NEW ORLEANS, La. — Ruel Douvillier has a truly grim job.
As leader of the New Orleans Fire Department's urban search and rescue team, the 52-year-old spends his days crawling into homes full of mud, mosquitoes, maggots and putrid furniture.
He is looking for bodies.
Yes, seven months after Hurricane Katrina hit the Crescent City, human remains are still being found in the sections hardest-hit by the storm, such as the devastated Lower Ninth Ward. During February and March the department found the remains of 17 people.
Emotionally demanding
As he got ready to comb another area, Douvillier adjusted his dusty cap. He looked more like a teacher than a burly firefighter, but his worn boots told another story — of what a first responder has been through in New Orleans after Katrina.

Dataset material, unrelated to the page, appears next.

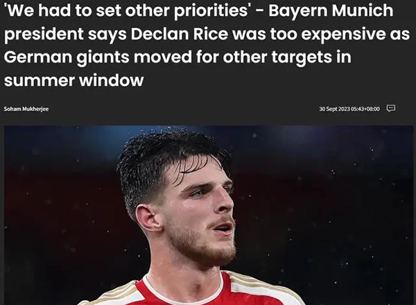 拜仁主席:赖斯的身价太高了 因此在夏天选择了其他目标

"When this assignment first came out I really didn't want anything to do with it," Douvillier explained while walking the empty streets under the hot sun. "I knew it would be emotionally demanding, and it has been."
He began his task — map in one hand and a GPS in another — with a team of dogs and their handlers. Often, they revisit homes that have already been searched.
The dogs and double-checking are vital to his work.
"We've had bodies in an open field that people have walked past … and the dogs have found," he said. "What the dogs do is that they 'see' smells — the dogs see smells the way we see colors and they can differentiate each and every shade."
Signs of change
The work is as grueling as it’s ever been, but things in the Lower Ninth have changed, sometimes for the better.

Douvillier remembers the weeks immediately after the storm when fire and police personnel were the only ones on the streets. Now, though, private cars drive by — some of them stopping long enough for tourists to take pictures — and loud trucks rumble through carrying building materials.
"There is a lot more life than there used to be,” he explained. “And the smell has gone. When we first got out here the aroma out here was terrible, day in, day out. It wasn't human decay but we could smell the decaying plant life and the rotten stagnant water that was all over the place."
Bitter sweet
But some things remain sadly the same.
"You have a tendency to help recreate their last moments and that can be heartbreaking and frightening," said Douvillier, who has found more than 50 bodies since October.
"We have to see things every single day that you shouldn't have to see… . Every house out here is a shattered life."
Still, there are rewards to his work, he says. "I do get a feeling that we're helping people out by finding the remains before they have to. And at least letting them know that everything has been done to find their loved ones, and to take care of their loved ones, and treat their loved ones with a little respect."
And though the work has drained him, he says he will not stop searching until he is satisfied he has left no one behind.
"We certainly don't want family members coming back and finding loved ones the way we have,” he said. “So we're doing everything we can."